Task to carry out:
Repeat the records below verbatim and include no pictures.

Material supplied:
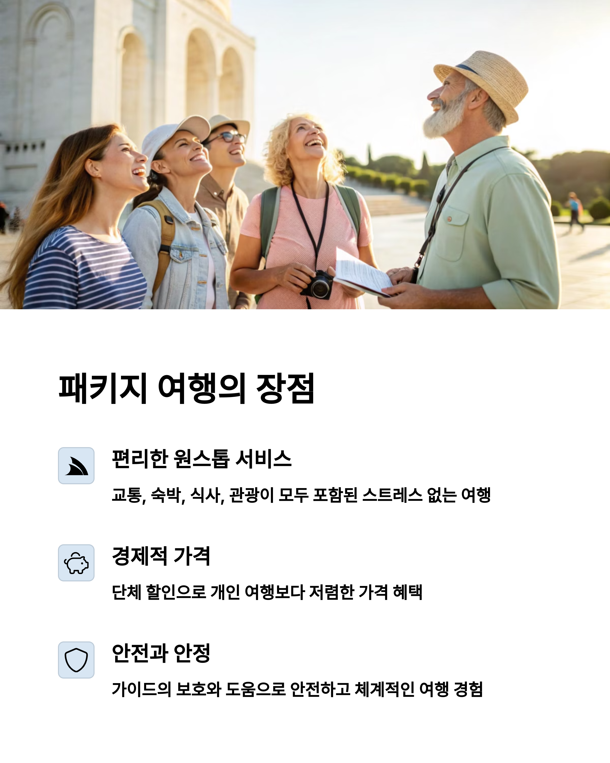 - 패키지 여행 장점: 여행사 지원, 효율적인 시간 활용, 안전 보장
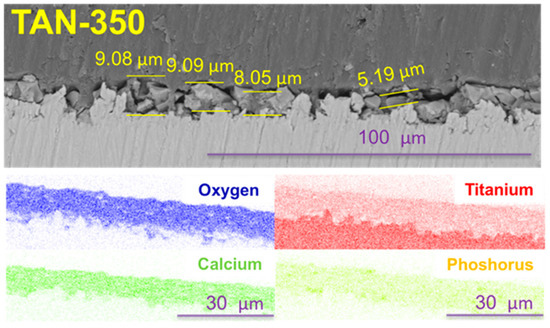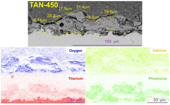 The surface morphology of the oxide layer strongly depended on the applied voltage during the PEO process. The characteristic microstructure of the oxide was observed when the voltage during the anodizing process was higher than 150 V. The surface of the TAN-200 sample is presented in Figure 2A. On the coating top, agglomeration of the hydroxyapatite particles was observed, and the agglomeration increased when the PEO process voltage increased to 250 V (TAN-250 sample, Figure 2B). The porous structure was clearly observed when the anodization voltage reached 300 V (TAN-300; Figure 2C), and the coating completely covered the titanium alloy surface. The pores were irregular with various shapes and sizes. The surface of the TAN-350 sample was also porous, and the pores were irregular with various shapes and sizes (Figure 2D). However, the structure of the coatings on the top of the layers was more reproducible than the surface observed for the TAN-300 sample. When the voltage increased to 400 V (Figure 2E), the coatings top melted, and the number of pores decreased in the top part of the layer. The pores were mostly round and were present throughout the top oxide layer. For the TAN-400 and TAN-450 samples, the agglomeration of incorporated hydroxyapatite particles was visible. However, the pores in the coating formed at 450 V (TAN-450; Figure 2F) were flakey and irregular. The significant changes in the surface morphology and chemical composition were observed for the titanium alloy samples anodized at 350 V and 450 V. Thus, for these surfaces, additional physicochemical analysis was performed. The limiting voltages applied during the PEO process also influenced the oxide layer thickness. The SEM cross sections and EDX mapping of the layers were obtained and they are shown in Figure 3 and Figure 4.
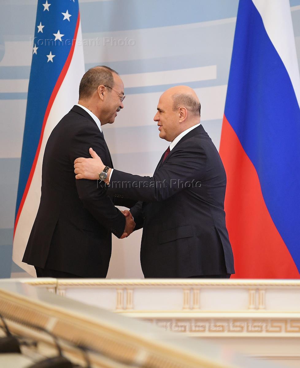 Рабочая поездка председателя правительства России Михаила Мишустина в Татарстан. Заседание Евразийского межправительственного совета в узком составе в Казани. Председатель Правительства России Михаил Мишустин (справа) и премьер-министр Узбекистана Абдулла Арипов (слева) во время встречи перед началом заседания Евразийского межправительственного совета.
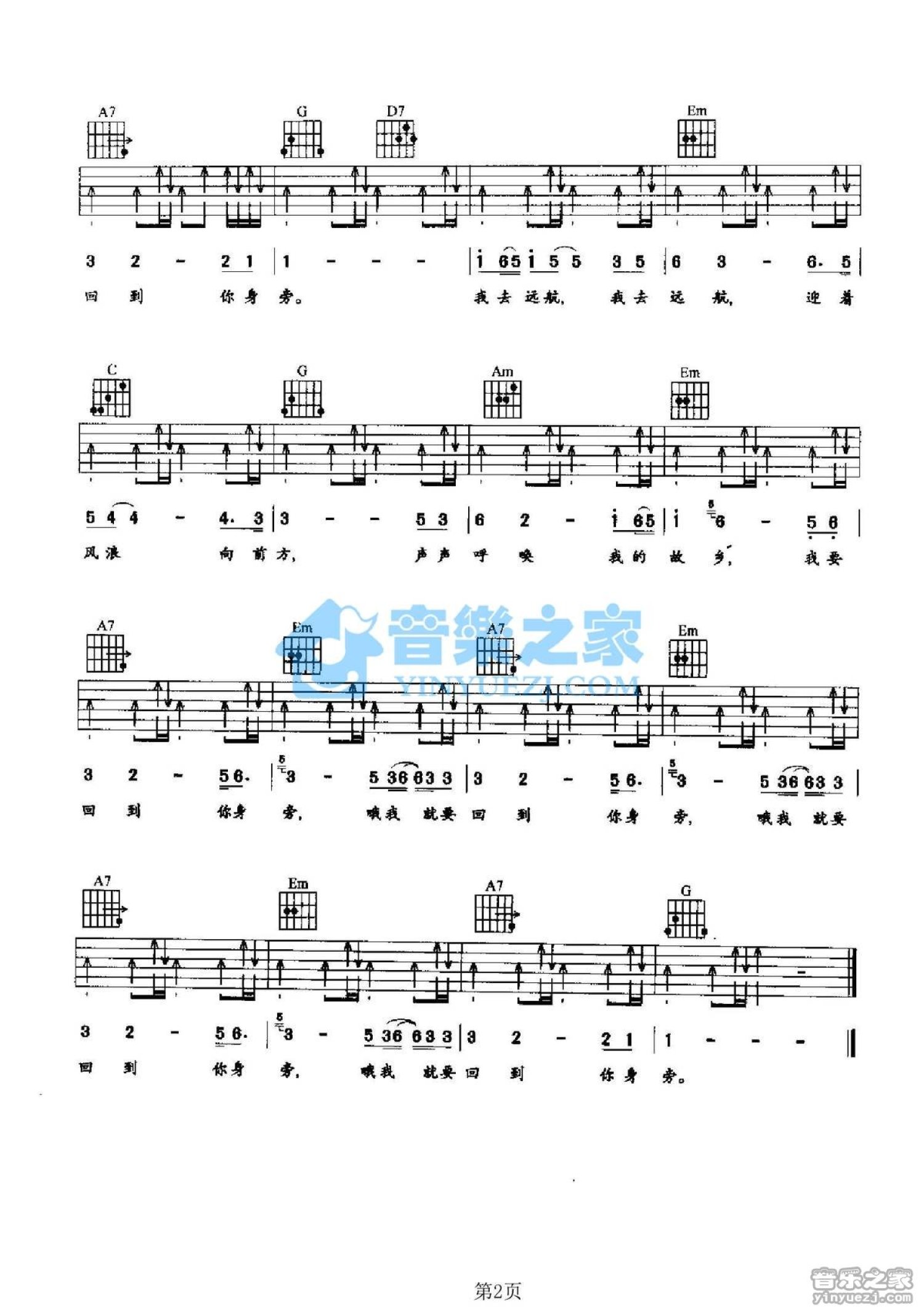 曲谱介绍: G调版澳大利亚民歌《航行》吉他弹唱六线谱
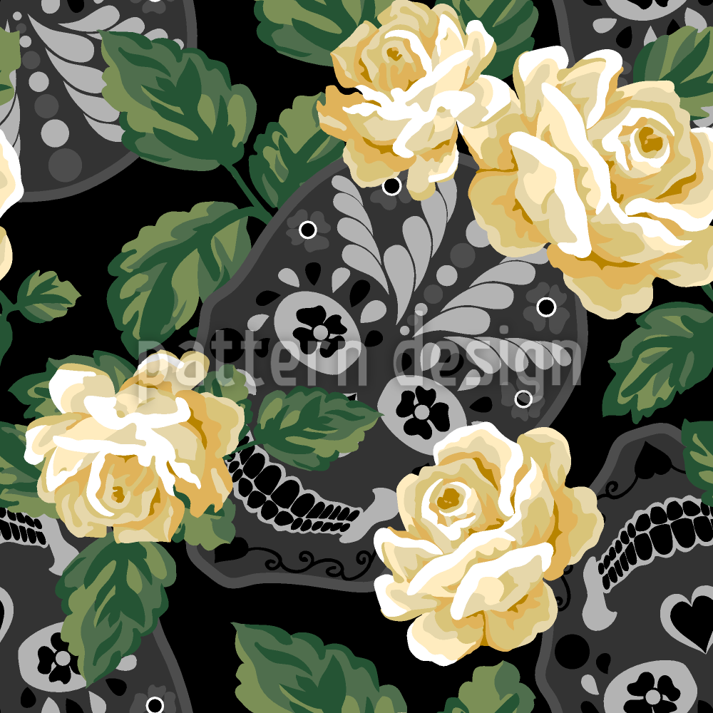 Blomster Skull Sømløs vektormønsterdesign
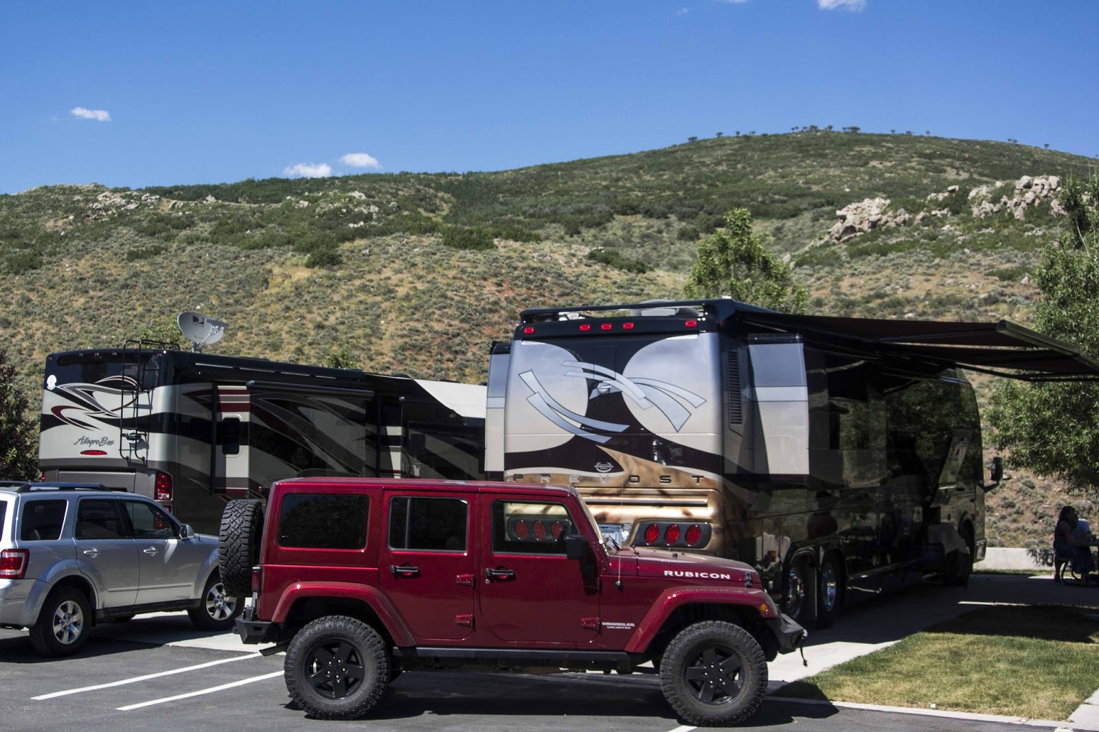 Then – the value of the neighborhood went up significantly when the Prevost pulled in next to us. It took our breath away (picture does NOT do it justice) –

Answer space:
 - 패키지 여행 장점: 여행사 지원, 효율적인 시간 활용, 안전 보장
 The surface morphology of the oxide layer strongly depended on the applied voltage during the PEO process. The characteristic microstructure of the oxide was observed when the voltage during the anodizing process was higher than 150 V. The surface of the TAN-200 sample is presented in Figure 2A. On the coating top, agglomeration of the hydroxyapatite particles was observed, and the agglomeration increased when the PEO process voltage increased to 250 V (TAN-250 sample, Figure 2B). The porous structure was clearly observed when the anodization voltage reached 300 V (TAN-300; Figure 2C), and the coating completely covered the titanium alloy surface. The pores were irregular with various shapes and sizes. The surface of the TAN-350 sample was also porous, and the pores were irregular with various shapes and sizes (Figure 2D). However, the structure of the coatings on the top of the layers was more reproducible than the surface observed for the TAN-300 sample. When the voltage increased to 400 V (Figure 2E), the coatings top melted, and the number of pores decreased in the top part of the layer. The pores were mostly round and were present throughout the top oxide layer. For the TAN-400 and TAN-450 samples, the agglomeration of incorporated hydroxyapatite particles was visible. However, the pores in the coating formed at 450 V (TAN-450; Figure 2F) were flakey and irregular. The significant changes in the surface morphology and chemical composition were observed for the titanium alloy samples anodized at 350 V and 450 V. Thus, for these surfaces, additional physicochemical analysis was performed. The limiting voltages applied during the PEO process also influenced the oxide layer thickness. The SEM cross sections and EDX mapping of the layers were obtained and they are shown in Figure 3 and Figure 4.
 Рабочая поездка председателя правительства России Михаила Мишустина в Татарстан. Заседание Евразийского межправительственного совета в узком составе в Казани. Председатель Правительства России Михаил Мишустин (справа) и премьер-министр Узбекистана Абдулла Арипов (слева) во время встречи перед началом заседания Евразийского межправительственного совета.
 曲谱介绍: G调版澳大利亚民歌《航行》吉他弹唱六线谱
 Blomster Skull Sømløs vektormønsterdesign
 Then – the value of the neighborhood went up significantly when the Prevost pulled in next to us. It took our breath away (picture does NOT do it justice) –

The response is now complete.